## Data in this exercise:
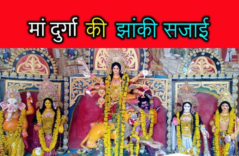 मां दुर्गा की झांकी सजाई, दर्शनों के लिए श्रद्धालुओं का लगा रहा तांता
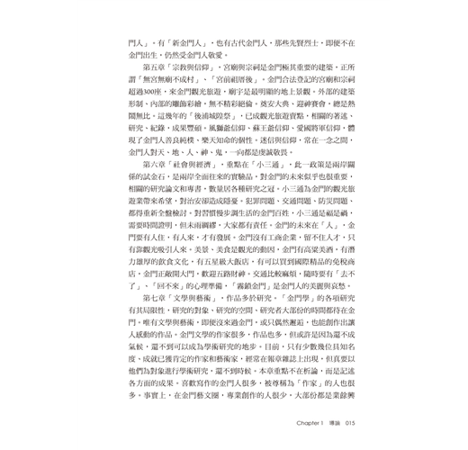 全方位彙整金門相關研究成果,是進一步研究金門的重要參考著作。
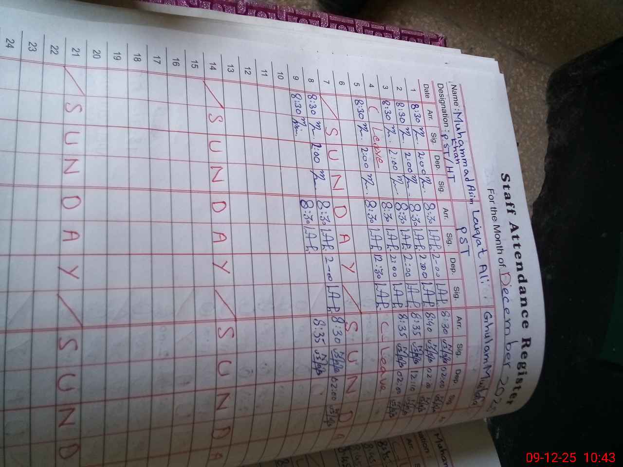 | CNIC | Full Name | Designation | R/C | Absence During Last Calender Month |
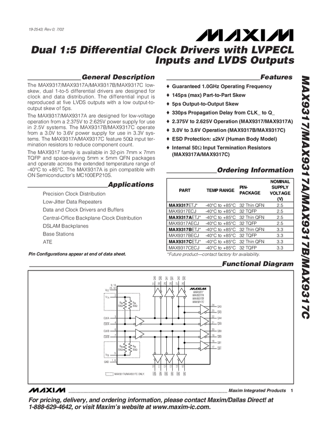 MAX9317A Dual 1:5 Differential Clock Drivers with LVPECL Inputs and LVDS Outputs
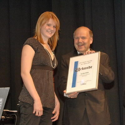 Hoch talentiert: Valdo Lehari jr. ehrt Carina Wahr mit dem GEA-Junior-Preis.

## What is needed:
Copy exactly and only this span: the line with "MAX9317A Dual 1:5" through the final line of the entries, both ends included, with the pictures left out.

## Result of the exercise:
 MAX9317A Dual 1:5 Differential Clock Drivers with LVPECL Inputs and LVDS Outputs
 Hoch talentiert: Valdo Lehari jr. ehrt Carina Wahr mit dem GEA-Junior-Preis.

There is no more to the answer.